Half of Australia left without internet or phone as Optus crashes

Optus is Australia’s second largest telecoms provider.
Optus is Australia’s second largest telecoms provider. Photograph: Saeed Khan/AFP/Getty Images

Nearly half the Australian population were left without internet or phone service on Wednesday, when the country’s second largest telecommunications provider crashed and cut off 10 million people from Sydney to Perth and all points in between.

Those affected woke up on Wednesday morning to find they could not log on or make a call, train systems fell down, and businesses could not complete sales because their tap and pay machines were offline.

They were left in limbo for hours as Optus, their provider, struggled to find out what had gone wrong.
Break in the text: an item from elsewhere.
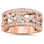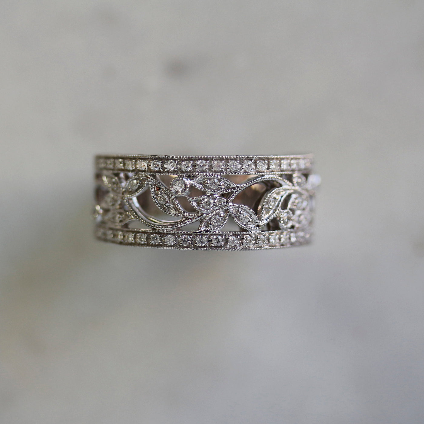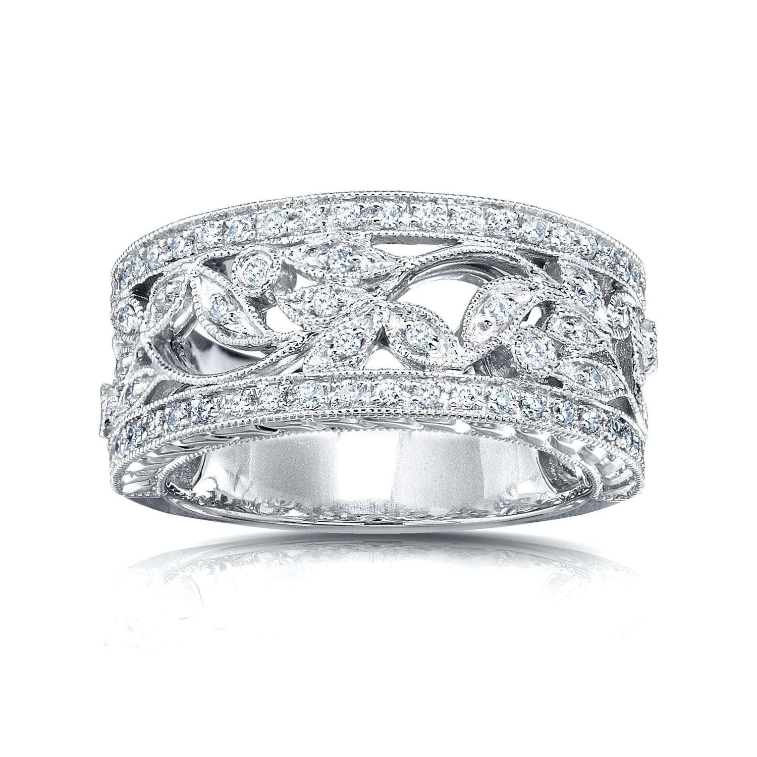 This Victorian Art Nouveau style anniversary ring is created on a wide band for a refined and festive treasure. This popular diamond ring from Kobelli promotes floral elements with the filigree makings. The vintage design promises a lifetime of love and beauty.

The company suggested that customers should think about “finding a family member or neighbour with an alternative device”, not always easy to do in a country where many people live in remote areas where the next house can be a long drive away.

The increasing frustration and anger of customers showed as people began to queue outside the shops of rival providers in the hope of buying a new sim card, or lingered outside libraries in the hope of catching some free wifi.

Optus’s chief executive, Kelly Bayer Rosmarin, eventually called into a Sydney radio station by WhatsApp – presumably using non-Optus wifi – to apologise for the outage and reassure people everything was being done to restore services. The outage lasted until the evening.

With the failure leading to widespread disruption of health, transport and other key government services, the federal communications minister, Michelle Rowland, was moved to intervene and, with some understatement, said that customers were experiencing “a high level of anxiety and frustration”.

All Melbourne metropolitan train services were stopped from about 4.30am because of a communications fault across the train network, reportedly due to the outage.

Metro Trains services started to resume just before 6am but major delays continued throughout the morning peak as services were restored.

Call centres running state government services in New South Wales, which include health, leisure and road and driving services, were affected, along with Victoria’s virtual emergency department. In the Northern Territory, hospital phone lines were cut off by the outage.

The South Australian premier, Peter Malinauskas, said his government would reconsider its contracts with Optus, and the National Retail Association director Rob Godwin said the outage was costing his members “thousands of dollars” in lost sales.

Optus urged customers – especially small businesses – to keep receipts if they wanted to seek compensation, but consumer advocates were not sure whether people would be able to claim much back.

Behind some of the customer anxiety was the feeling that the outage was a repeat of the damaging hack Optus suffered last year, which resulted in the exposure of the personal information of 10 million customers.

Minds turned to a possible repeat cyber-attack, although Bayer Rosmarin said it was “highly unlikely” the outage was caused by a hack, and that an outage of this sort was a “very, very rare occurrence”.

Services began to be restored by Wednesday afternoon and the network was fully up and running again by 6pm, but the exact cause of the outage was still not fully established.

One expert suggested it could have been caused by the same issue that brought down Facebook two years ago. Cloudflare, which tracks a range of activity on the internet, noticed a spike in border gateway protocol (BGP) announcements from Optus coinciding with the time the network went offline.

BGP effectively acts as a roadmap for the internet, and the announcements tell the rest of the internet the easiest way to a particular location.

Matt Tett, the managing director of the network analysis company Enex TestLab, said that while he was not certain of the cause, Optus appeared to have had some failure in routing at 4am that caused an exponential increase in BGP announcements.

The reason why it brought down not just internet but also landline and mobile services, Tett said, was because networks were now IP-based and when the internet protocol network had an issue, “absolutely, it will take down all their systems”.